Sullivan is employed by Young Brothers, an inter-island shipping company with a port at Nawiliwili Harbor. He allegedly took the drugs that were hidden in the barge from O‘ahu and threw them over a fence to Agustin, who worked for The Gas Company, a nearby business at the harbor.

The two pleaded not guilty on June 29, 2010. They each face Class A felony first-degree promotion of a dangerous drug, seven counts of second-degree promotion of a dangerous drug, and seven counts of drug paraphernalia. The charges could bring up to 20 years in prison and a $50,000 fine.

Michael Green, an attorney for Sullivan, along with Michael Soong and June Ikemoto, attorneys for Agustin, questioned four of nearly a dozen witnesses. They worked from mid-morning until the court adjourned just after 4 p.m. to expose what they felt was a troubled investigation and criminal case.

Fifth Circuit Court Judge Kathleen Watanabe ordered the remaining witnesses to return for a Sept. 19 continuance to conclude testimony.

The Oct. 3 trial date may be pushed to Jan. 3 or later depending on the court calendar and logistical issues of the witnesses.

Deputy Prosecutor Samuel Jajich said the defense is accusing the Kaua‘i Police Department investigation of questionable means with producing probable cause in seeking a search warrant. He said this tactic is a fancy argument but does not meet the standard to require a Franks hearing to determine whether the police affidavit used to obtain a search warrant to find incriminating evidence was based on false statements.

The first witness was a security company representative who maintains the motion sensitive cameras that monitor the fence line of Young Brothers. He testified that he was asked to burn two copies of recordings taken at the time alleged narcotics activities occurred.

The cameras were said to record five minutes prior and after a movement is detected, and that approximately 28 days of footage are available before recording begins over the disk again.

Green argued that KPD should have ordered the 28 days recorded and not the minutes of one alleged activity.
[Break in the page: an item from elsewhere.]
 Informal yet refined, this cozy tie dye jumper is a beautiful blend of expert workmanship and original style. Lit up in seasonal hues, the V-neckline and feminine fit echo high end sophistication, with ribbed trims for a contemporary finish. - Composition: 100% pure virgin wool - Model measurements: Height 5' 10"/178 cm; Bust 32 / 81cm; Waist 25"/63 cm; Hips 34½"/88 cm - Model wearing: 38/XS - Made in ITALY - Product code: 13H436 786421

He also said the lack of adequate photo evidence of the crime scene and what he said are inconsistencies in placing people where they were said to be at the time of the alleged crime should have been better documented.

Green produced a disk supposedly containing the security footage of the crime but the courtroom computer and projector would not work with the disk. It is being held over until the next hearing and could require recalling some officers for testimony.
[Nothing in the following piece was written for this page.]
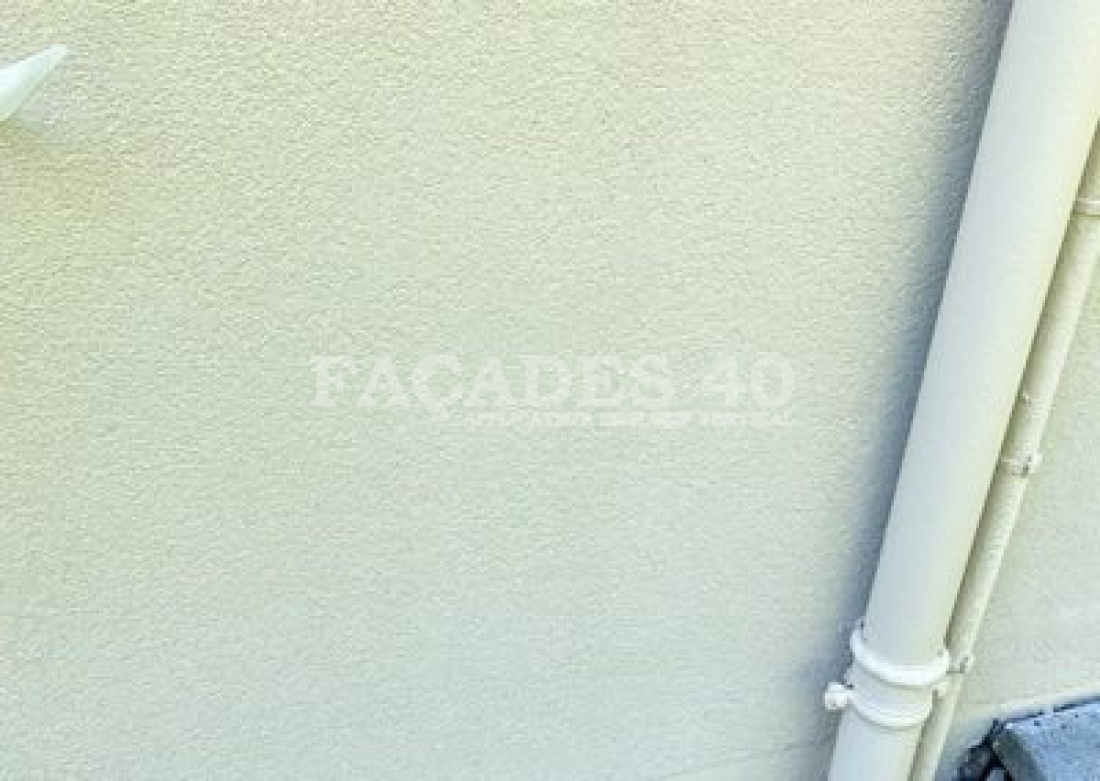 Pour la partie arrière et donc la plus abimé nous avons utilisé le VERTIQUARTZ GT 50 sur l’ensemble de la façade cet enduit résine nous permet de rattraper les défauts de planimétrie et d’avoir un aspect crépis sur le mur tout en étant imperméable aux eaux de pluie et chose très importante ici en particulier il laisse respirer le mur car il est micro-poreux.

KPD officer Ginny Pia, who was in charge of the investigation, spent the longest time on the stand. She stated that tips from a confidential informant led officers into three years of surveillance and investigation. A March 16, 2010 incident produced evidence for a warrant and the eventual April 6, 2010 arrest following another tip that allegedly caught the two in the act at Young Brothers.

Green questioned the reliability of the unidentified informant in providing information on the activities of the defendants in the months prior to observation of suspect activity in the Young Brothers yard. He questioned two errors in the dates that appeared both in the affidavit and the warrant.
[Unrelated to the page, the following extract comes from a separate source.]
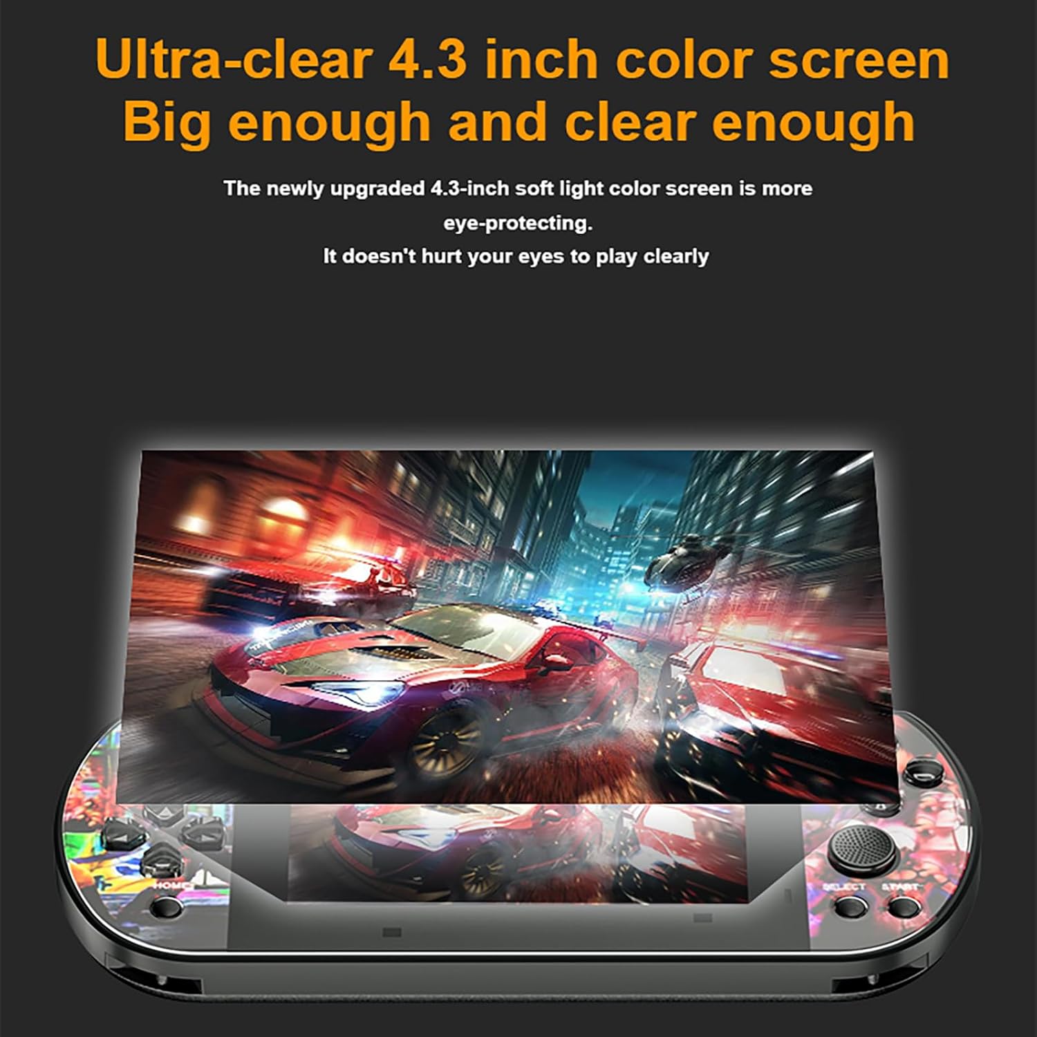 Our retro gaming handheld boasts a 4.3-inch HD screen displaying 720P resolution, offering a visually delightful gaming experience that’s 1-2 times sharper than typical arcade machines on the market.

Pia said they were typos and Jajich added that the error is not evidence of wrongdoing on the officers’ request for a warrant.

Green questioned the reliability of the K9 unit in producing the scent of drugs that had been in a vehicle returning to Kaua‘i from O‘ahu via Young Brothers. Pia said the investigation produced observation of Sullivan which led law enforcement to suspect the vehicle.

The vehicle belonged to the state Department of Land and Natural Resources. Conservation officer Jeff Garcia reportedly was called in to pick up the vehicle and drive it to a K9 drug-sniffing team. The dogs detected that a narcotic substance had been in the vehicle, but not at that time.

Green and Soong questioned the reliability of the K9 team and — because of the error in the dates —  whether the inspection had actually occurred. Pia deferred all questions about the K9 dog, its reliability and the process of vehicle inspection to the handler.

Soong also questioned the practice of KPD Narcotic and Vice as the only section that does not record or video police interrogations. He questioned the completeness of a two-and-a-half hour interview that was typed up in three-and-a-half pages.

He said the defendants were asked to read, edit and sign the statement, and that the complete interrogation recorded would offer no question of facts or whether the suspects ever wished to end questioning until an attorney was present.

KPD officer Alex Oliveira testified as to his role as the sole observer of the alleged throw of a “white package” by Sullivan from the Young Brothers yard over the fence to The Gas Company yard, where Agustin was allegedly there to pick it up. Oliveira was on a hill overlooking the yard with other officers in the bush-line below a scenic lookout area.

Questioning will continue with other investigation officers and material witnesses on Sept. 19.